令和8年4月19日に「令和8年度 第1回薬学講習会」をZoomによるオンラインで開催し、397名の先生方にご参加いただきました。
本講習会では心臓病センター榊原病院 循環器内科医長 中務 智文先生をお招きし、『心不全患者の再増悪を防ぐ:医師が薬剤師に期待するフォローアップと連携』 という演題でご講演いただきました。
心不全の疫学、うっ血と低灌流という基本病態、左室駆出率(LVEF)による分類(HFrEF/HFpEFの違い)から薬物療法の位置づけ、多職種による心不全支援の重要性、フォローアップのポイントまで幅広い内容をエビデンスに基づき、非常に分かりやすく説明していただきました。
講演後の質疑も多くいただき、大盛況のまま終了いたしました。
心不全患者は2035年には130万人になるとされ、高齢化社会において今後も増え続けることが予想されています。
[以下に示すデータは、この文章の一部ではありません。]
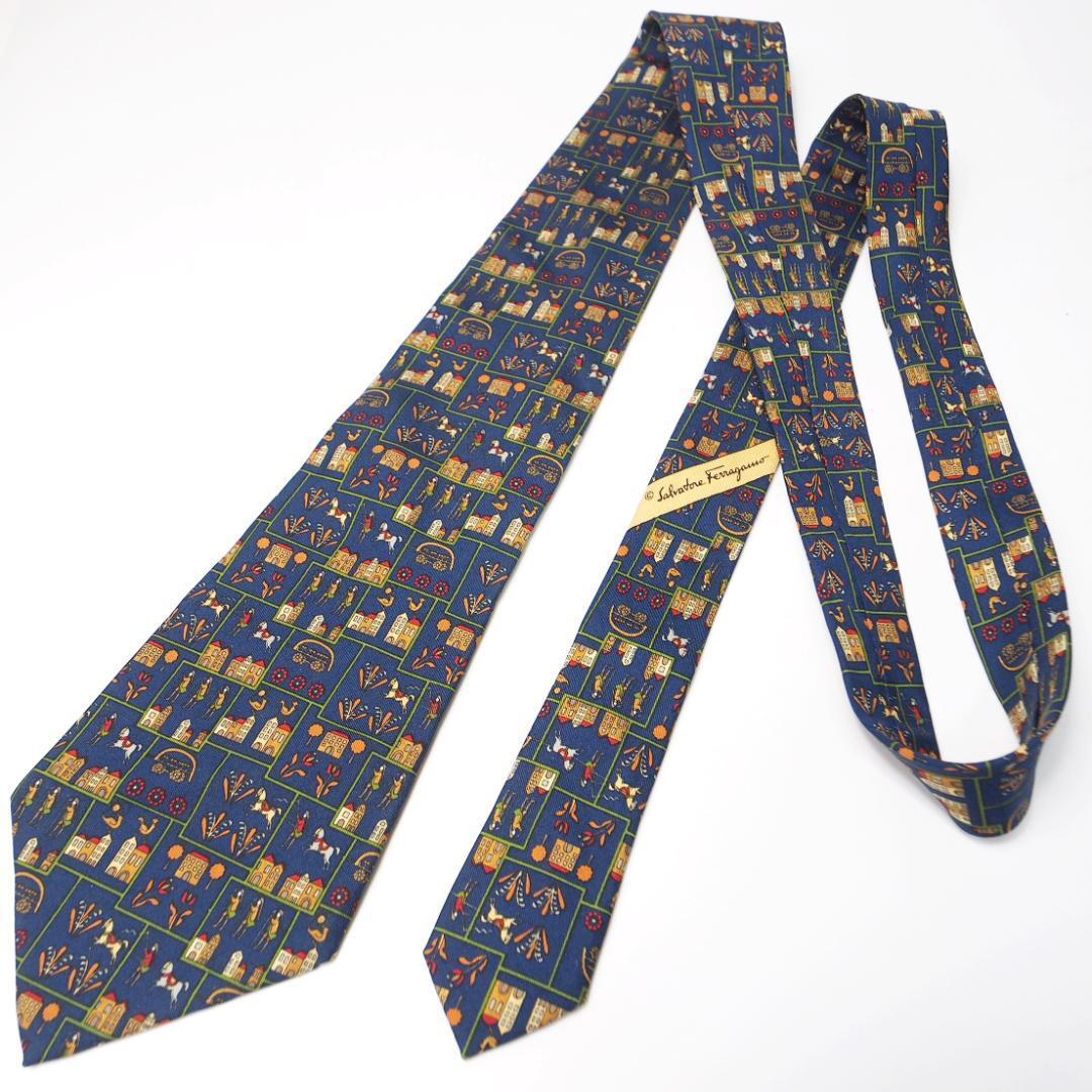 イタリア製 サルバトーレフェラガモ Salvatore Ferragamo ネクタイ シルク100% 総柄 ネイビー系

また、心不全は入退院を繰り返す進行性の疾患であるため、いかに再入院を予防するかが注目されています。
心不全は薬剤師を始めとした多職種による介入により、再入院が減るとされており、薬剤師が積極的に心不全に関わることが重要となります。
本講習会の中でも、心不全再入院の原因として「治療薬服薬の不徹底」があり、アドヒアランスが予後に影響を与えることから、薬は誰が管理しているのか、きちんと飲めているか、どれくらいの残薬があるかは医師としても把握しておきたいとお話がありました。
本講習会により、薬に関することだけでなく、心不全症状のモニタリング、早期受診の目安(短期間の体重増加、下腿浮腫など)、医師への情報共有など薬剤師にできることが多くあることを学びました。
学術委員会では、今後も会員の皆様にとって有意義な講習会を企画していきたいと考えております。